How do we know this is really a full pint?

Earlier this week I read a little news item on the Guardian website (here) about the British government relaxing serving beer measure rules to permit publicans to offer “schooner” size glasses, alongside the traditional (and until now mandatory) half pint and pint servings (1/3 of a pint was also allowed). Not a big deal, and one that most across the pond seem to support (such as Pete Brown on his blog). It should have slid quietly in and out of my consciousness.

But it didn’t. I have found myself ruminating on this mundane development 1/3 of a planet away. It wasn’t the asinine “cutting red tape” spin from the Tory Minister that did it. It was that they can have a conversation about serving size at all. Because we can’t do that here.

Let me explain what I mean before you leave me for a YouTube clip of someone playing beer pong.

In England, serving sizes are explicitly defined. A pint is 568 ml. A half-pint is exactly half that. The new schooner is being defined as 2/3 of a pint, or 380 ml. Beer must be served in those gradations. In every pub in England a pint is a pint is a pint. And now a schooner is a schooner is a schooner (but don’t try saying that after three or four schooners).

On the other hand, here on the Canadian prairies, we have no such consistency. And that is what makes me mad. Order a pint here and you could get anything from 470 ml to 570 ml. That is because serving sizes are not regulated in Canada – a bartender can serve beer in whatever size glass suits their fancy. On the surface this is fine, as it can create a range of sizes to meet various needs.

But here is the thing. When was the last time you went to a pub and asked for 470 ml of pale ale? No, you order a bloody PINT! It offers you an unceasing line of connection to beer drinkers through the ages. Thomas Hardy ordered pints of ale. Oliver Cromwell probably ordered a pint now and then (when he wasn’t pissing off Ireland).

The federal Weights and Measures Act defines a pint as the Imperial Pint, in other words 568 ml. But that has no effect on the beer industry. “Pint” glasses seem to come in three sizes – the U.S. Pint of 473 ml, the metric measure of 500 ml thanks to Continental Europe, and the Imperial Pint. Go into a bar, order a pint and any one of those three sizes might be offered to you.

This would just be the hollow fury of a beer geeks, except that while the volume isn’t standardized across establishments, the price sure seems to be. All “pints” seem to come in the same price range, regardless of how many millilitres are actually in your glass.

An example of deceiving glassware. 14 ozs? Those poor American shmucks!

The Alberta government (and I believe it is the same for other provinces) in its tireless efforts to protect the consumer has a regulation requiring a pub owner to tell you how much beer you are getting.
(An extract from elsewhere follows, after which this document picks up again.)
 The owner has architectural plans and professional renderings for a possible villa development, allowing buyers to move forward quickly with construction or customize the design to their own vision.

Right. I have researched this. Most places have some fine print on their menu somewhere telling you the volume. The good places put it right beside the

beer list. Others bury it. However, how often do you look at the menu to find out what is on tap? Usually you just ask the server. I know I do. Sometimes I like to try an experiment. When ordering my “pint” I ask the server how big their serving is. Less than half the time do they know the volume. Often I get “it’s a pint”. I love circular logic. When I push they usually go scurrying off to the manager and I get my answer. But that is a lot of work to find out if my $7 pint is 470, 500 or 568 ml.

Making matters worse for the consumer are that you can’t always tell just by looking at the glass. Some have thick-walls and a shape that can disguise the true volume, making the drinker think they are getting more than they are. The worst offender I have come across is a big pizza chain (whose name I will not mention but it happens to share a name with the setting for Cheers). The glass is heavy and substantial, with a huge base and thick wall and a tapered side. Looks like a lot of beer. The volume? 470 ml.
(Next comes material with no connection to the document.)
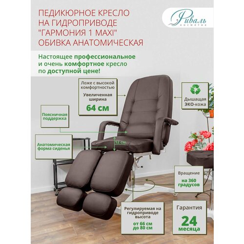 Педикюрное кресло, косметологическая кушетка, Риваль Гармония - 1, макси, с анатомической обивкой, на гидравлике, с регулировкой высоты, поворотное. Регулировка угла наклона сиденья (без клиента!) механическая и оснащена дополнительными пневматическими амортизаторами, предотвращающие резкое падение сиденья. Эта функция позволяет поднять сиденье на 15 см и уложить его вместе с ножной частью в одну плоскость. Материал каркаса - из металлической трубы, окрашен высокопрочной, глянцевой порошковой краской, материал обивки - матовая, не скользящая, высококачественная, износостойкая экокожа производства Турции , обивка повышенной комфортности (под тело человека), толщина от 9 до 13 см. Спинная часть и сиденье имеют в поясничной и паховой зонах возвышения, выполнены из более плотных сортов поролона. Возвышение (горбик) в паховой зоне, в сидячем положении, позволяет человеку «не скатываться» вперед, а в поясничной части, осуществляет поддержку поясничной зоны мышц спины, что позволяет их расслабить, что особенно удобно в горизонтальной раскладке, все это обеспечит удобство и комфорт клиенту во время процедуры. Стильный лаконичный дизайн подойдет для любого интерьера студии или салона красоты. Кресло очень удобно и функционально в эксплуатации благодаря преимуществам: - повышенная прочность и устойчивость; - Выдвигающиеся пяточные части, быстросъемные подлокотники; - Вращается на 360 градусов, - Фиксация в нужном положении; - Регулировка высоты кресла; - Рассчитано на нагрузку до 220 кг; - Регулировка угла наклона спины и ног, механическая; - Подъема ножной части вверх до 1,4 м; - Пяточная часть, выдвигается на 20 см. - Быстрая сборка Параметры: - Толщина обивки 9 см, в местах утолщения (паховая и поясничная зона) до 13 см - Ширина - 64 см - Ширина с подлокотниками - 80 см - Длина – 183 см - Высота (регулируется) – от 66 см до 82 см; - Длина подпятника для ног 16 см (удлиняется + 20 см) -Нагрузка – до 220 кг;

And don’t even get me started on intentionally pouring with a billowy head.

I don’t think we need tons of new regulations about this. But some transparency would be good. In the EU they require beer glasses to have volume markers, so you know when you have your full 500 ml. That could work here. Plus what is wrong with standardizing the term “pint”? A pub owner could still serve what ever glass size they wanted, but to call it a “pint” it needs to be 568 ml.

That is my twopence on this topic, as it were.